Nell’industria, così come nella medicina, i robot fanno ormai da anni parte della quotidianità. Svolgono compiti pesanti che in passato dovevano essere eseguiti a mano, supportano i medici e i chirurghi nella propria attività e garantiscono una precisione superiore nelle operazioni rispetto a quella del più bravo chirurgo (che deve comunque guidare il robot nel suo operare). Questi non sono però esempi di robot sociali sviluppati appositamente per interagire con le persone anche sotto il profilo emozionale. E allora immaginiamo dei droidi sociali e la mente non può che condurci ad un esempio nato nel 1977: C-3PO, il goffo droide protocollare assemblato dal giovane Anakin Skywalker a partire da componenti di scarto. Il droide dorato, conosce più di sei milioni di forme di comunicazione; un’abilità estremamente utile ai suoi vari padroni nel corso della saga di Star Wars. Ma oltre a essere utile, pur risultando impacciato e logorroico, stabilisce con i suoi padroni – e con un altro droide – un legame affettivo importante che lo porta ad essere parte della famiglia.

Ebbene, proprio di questo stiamo parlando: siamo ormai giunti al punto di svolta. I robot sociali vengono progettati e sviluppati per essere in grado di svolgere numerose funzioni e interagire con i proprietari (amici?).
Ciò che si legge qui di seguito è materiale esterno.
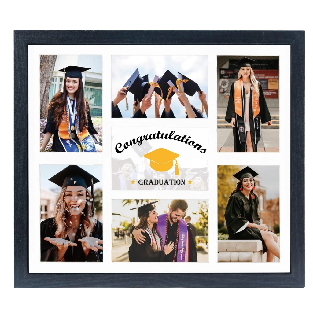 Montage frames tell the story of a graduate’s school years. Fill them with photos, certificates, and special moments. These frames are both beautiful and nostalgic.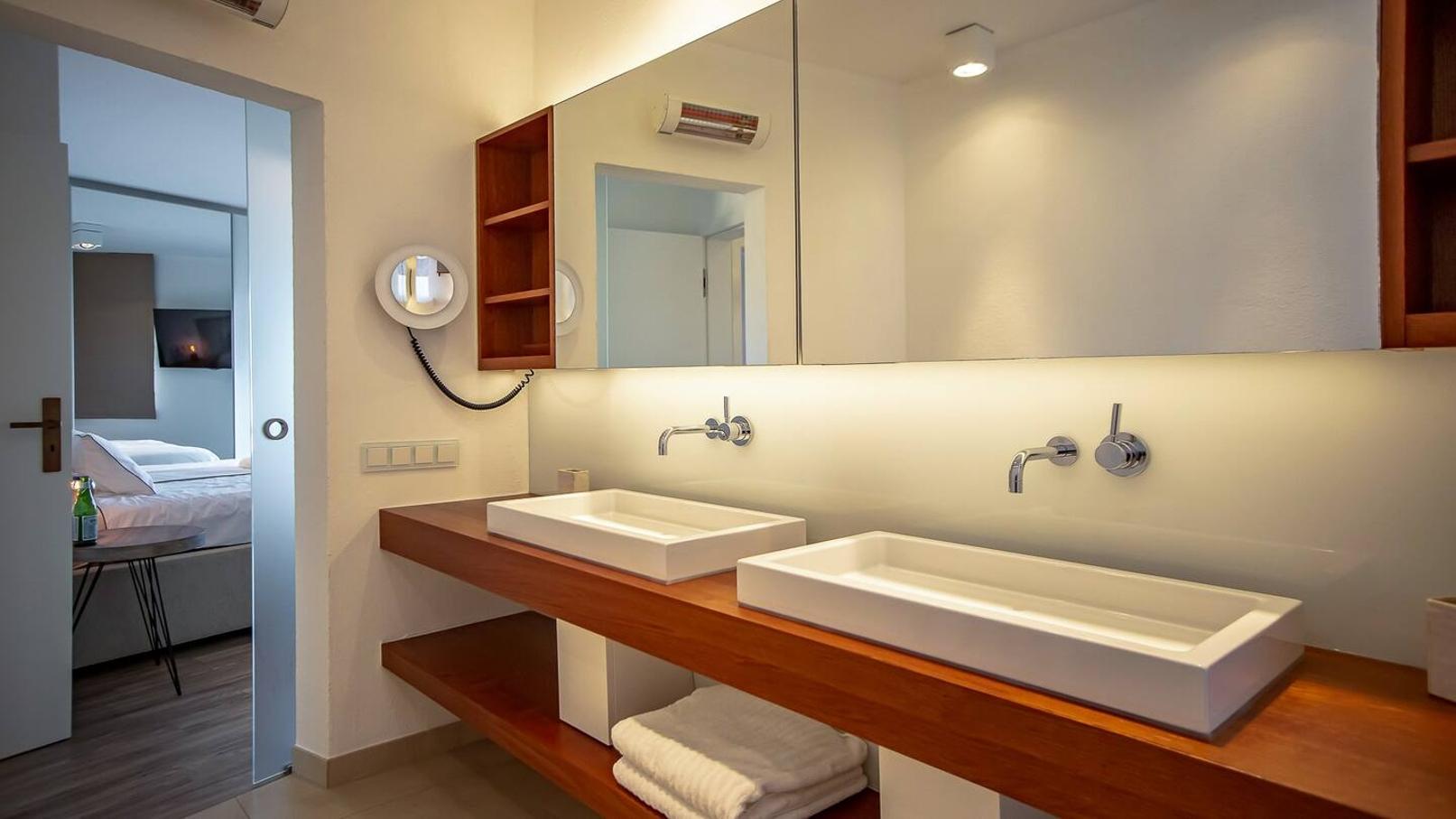 Sleeps 2 – King-size bed. En-suite bathroom with vanity and rain head and handheld shower. Access to pool patio.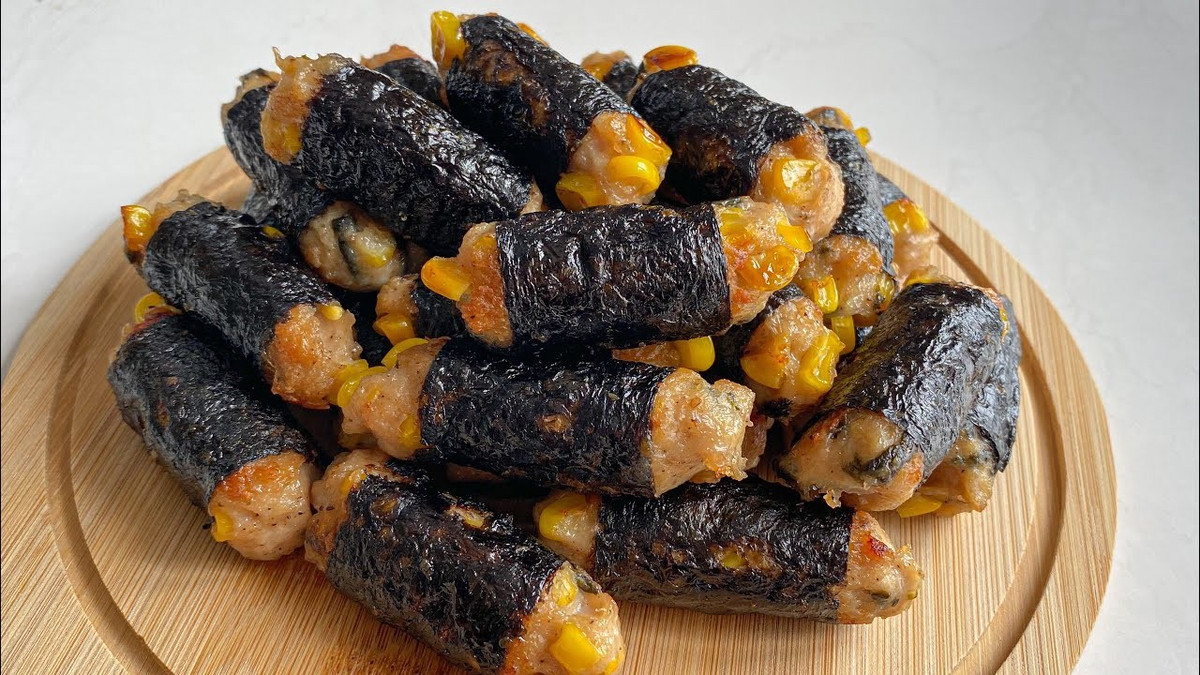 Với các món cuộn khác, ức gà cuộn rong biển là gợi ý giàu protein. Xay ức gà, ướp muối tiêu, trải rong biển, đặt thịt gà lên và cuộn tròn, áp chảo chín, rưới sốt tiêu hoặc chanh dây để tăng hương vị. Ảnh minh họa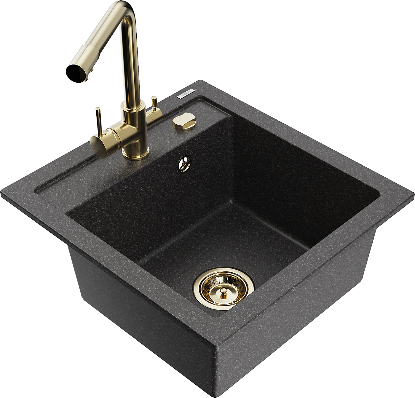 Mexen Vito lava-loiça de granito de 1 bacia com torneira de cozinha Duero, preto salpicado - 6503-76-671600-50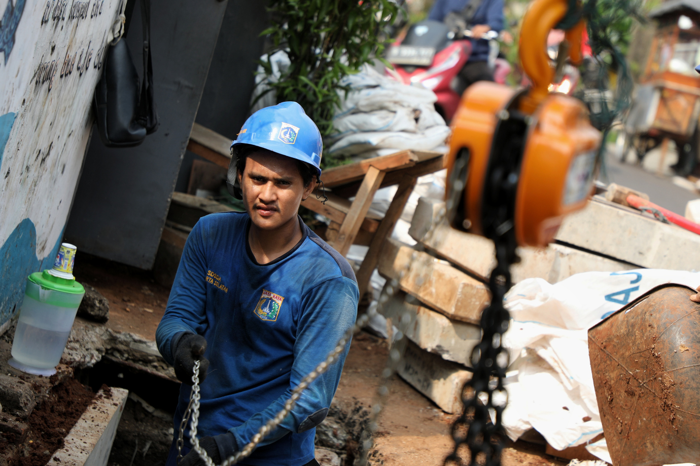 Satuan Pelaksana Sumber Daya Air (Satpel SDA) Kecamatan Tebet melakukan pemasangan u-ditch baru di Jalan Tebet Dalam 1, Tebet Barat, Tebet, Jakarta Selatan, Senin (15/7). Pemasangan u-ditch baru berdimensi 60 Sentimeter ini dilakukan sepanjang 180 meter.

Grazie all’intelligenza artificiale, a telecamere e sensori, saranno in grado di stabilire come elaborare al meglio le informazioni e come reagire ad esse. Ma reagire non significa esclusivamente rispondere in maniere sensata, bensì analizzare la voce, lo sguardo e le emozioni dell’interlocutore tramite algoritmi estremamente elaborati. Oltre a questo, i robot saranno in grado di imparare dai propri errori elaborando i feedback ricevuti.

Già oggi, una versione ibrida di questi robot viene utilizzata in tutto il mondo per i check-in in albergo, al servizio clienti degli aeroporti, presso fast food… Si chiama Pepper ed è un robot – venduto in 15'000 esemplari – in grado di riconoscere gli sguardi e le emozioni umane (anche se a livello base) nonché di sostenere una conversazione grazie ad uno schermo touch screen.

I possibili sviluppi sono molteplici: uno degli utilizzi più interessanti sembra essere nell’assistenza alla popolazione mondiale anziana. Per esempio, il robot terapeutico PARO, sviluppato in Giappone, è pensato per stimolare e ridurre lo stress nei pazienti affetti da Alzheimer. Mabu, un altro robot, ricorda ai pazienti di assumere i medicamenti e di chiamare la propria famiglia. Si tratta solo di alcuni esempi ancora molto rudimentali ma che in futuro potrebbero entrare a far parte delle nostre vite in maniera costante.